La tentation la plus courante en adaptant un patron femme consiste à ajouter des rangs uniquement à la fin du corps, juste avant la finition en côtes. Cette méthode allonge le pull mais ne corrige pas la position de l’emmanchure, qui reste calée sur une proportion féminine et retombe alors trop bas sur l’épaule masculine. Il est préférable de répartir l’allongement avant la ligne d’emmanchure et sur la longueur de manche, deux zones où un buste masculin dépasse le plus souvent les mesures d’un patron femme de taille comparable.

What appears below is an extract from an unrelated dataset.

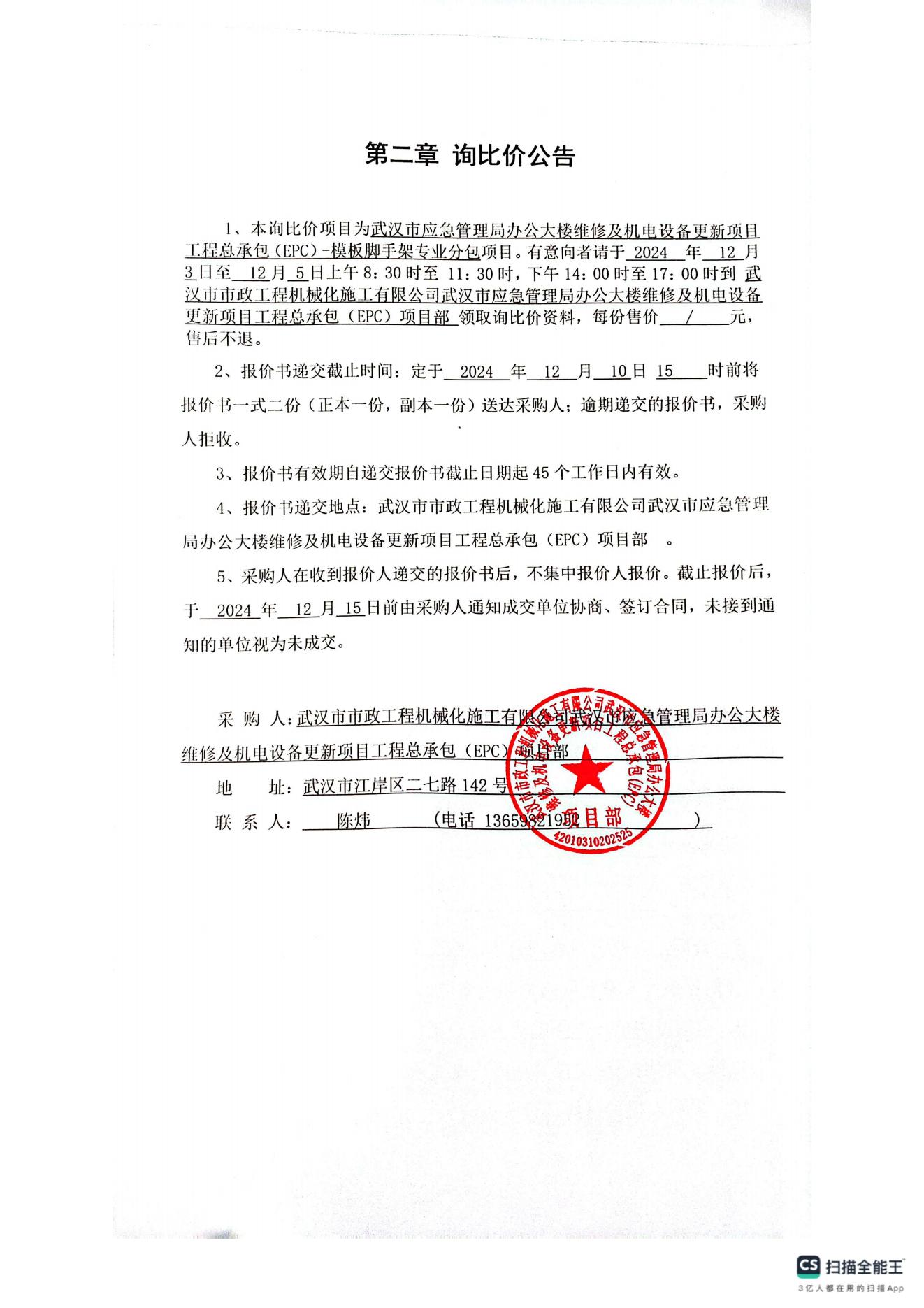 武漢市應(yīng)急管理局辦公大樓維修及機(jī)電設(shè)備更新項(xiàng)目工程總承包(EPC) -模板腳手架專業(yè)分包詢價(jià)公告

Vérifier l’échantillon avant de recalculer les mailles

Toute adaptation de patron repose sur un échantillon fiable, et cette étape compte double lorsqu’on change de laine ou d’aiguille par rapport au modèle d’origine. Tricoter un carré de 12 à 15 cm de côté dans le point principal du modèle, le laver et le laisser sécher à plat avant de le mesurer évite la mauvaise surprise d’un pull qui s’élargit ou se rétracte après le premier lavage, un phénomène plus visible sur les grandes largeurs d’un buste masculin que sur un tricot de petite taille. Une fois le nombre de mailles pour 10 cm connu, il suffit de le multiplier par le tour de poitrine réel augmenté de l’aisance choisie pour obtenir le nombre de mailles à monter, sans se fier au nombre indiqué dans le patron pour une taille « équivalente » qui a pu être calculée avec une laine différente.

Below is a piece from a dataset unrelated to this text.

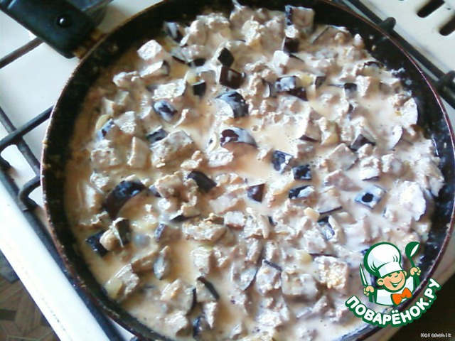 3. Добавить баклажаны с яйцами и очень быстро премешивать (яичница нам здесь ни к чему). На это уйдет, по моим подсчетам, минут 10

Cette vérification est particulièrement utile quand on adapte un modèle initialement prévu pour une aiguille plus fine : un tricot masculin, souvent voulu plus ample et plus épais, tolère mal un simple changement de taille sans recalcul de l’échantillon, car l’écart de quelques millimètres par maille se répercute sur toute la largeur du buste.

Réduire ou supprimer la cambrure de taille

Un patron féminin intègre presque toujours des diminutions puis des augmentations pour marquer la taille. Sur un buste masculin, cette cambrure n’a généralement pas lieu d’être : elle donne un rendu féminisé et peu naturel. La solution consiste à conserver un nombre de mailles stable entre l’ourlet et l’emmanchure, ou à n’introduire qu’une légère reprise de 2 à 4 mailles de chaque côté si la morphologie du porteur le justifie, notamment sur une silhouette en V.

Choisir la bonne laine et les bons points pour un tricot homme

Les fibres et couleurs qui fonctionnent bien

Les tendances actuelles pour les pulls homme confirment un mouvement de fond déjà bien installé chez les tricoteuses averties : la laine recyclée et les fibres organiques gagnent du terrain face aux mélanges synthétiques, portées par une demande de matières traçables et durables. Côté couleurs, les palettes neutres et pastel (beige, gris clair, bleu pâle) dominent largement les modèles homme récents, loin des tons vifs ou des motifs enfantins parfois associés par erreur au tricot masculin. Le mérinos reste une valeur sûre pour sa douceur et sa capacité à ne pas gratter, un critère souvent décisif chez un porteur peu habitué à porter du tricot fait main.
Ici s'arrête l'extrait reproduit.